— Некоторые римляне в финикийском обличии здесь восторгаются благородством врага. Хотел бы и я вместе с ними восхититься, да не выходит. Блекло выглядит это самое благородство в лучах сияния вражеских доспехов. Блеск римского оружия затмевает гуманность их речей. Потому-то я не могу возрадоваться, когда, занесши меч над головою жертвы, палач предлагает обреченному по собственному выбору, то бишь — добровольно, подставить шею топору правым или левым боком. Так-то вот и эти молодцы, — указал он пальцем на Бебия и его товарищей, — сладко ратуют за мир, по условиям которого нас ожидает финансовая смерть.
Зал заволновался, с мест раздались едкие реплики, лица исказились гневом.
— Но вы же согласились с нашими условиями! — воскликнул Луций Бебий.
— Да, мы согласились, чтобы нас рубили с левого боку! — саркастически ответил ему оратор.
— Если вы не способны с честью и мужеством отвечать за последствия начатых вами войн, так и не затевайте их! — зло выкрикнул Фабий.
Тон римлянина вызвал возмущение.
— Смотрите, он поучает нас!
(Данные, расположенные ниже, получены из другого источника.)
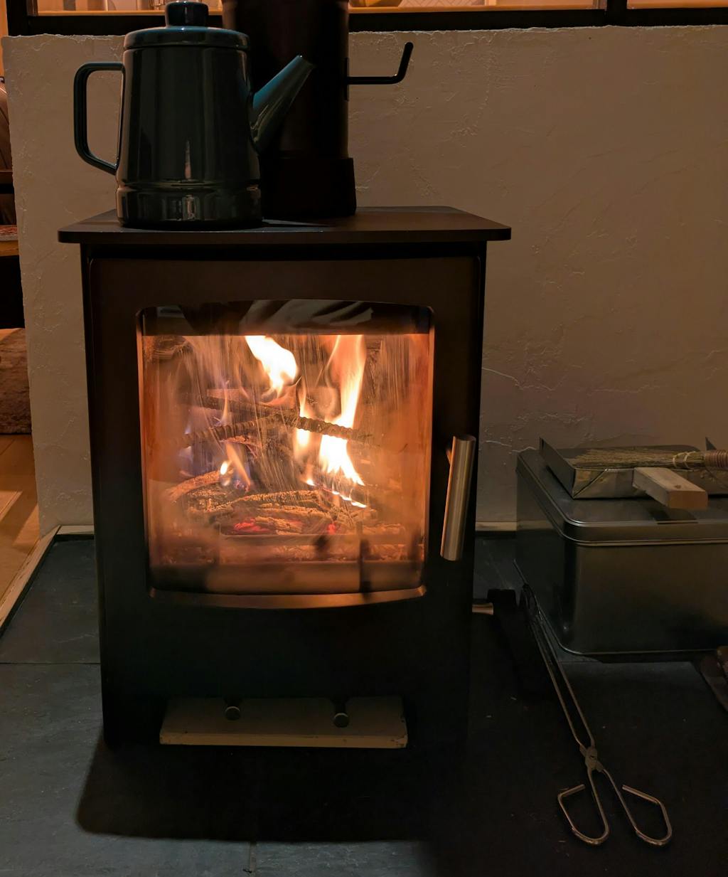 15坪ですが氷点下18℃の1700mで薪ストーブ単独で暖かく過ごしています。

Он угрожает нам! — раздавалось с разных сторон.
Далее под умелым руководством баркидцев недовольство переросло в бурю. Карфагеняне кричали, вторя друг другу:
— Что возомнил о себе этот примитивный народец землепашцев!
— Они, эти варвары, диктуют нам свою волю, а сами не способны отличить золота от серебра!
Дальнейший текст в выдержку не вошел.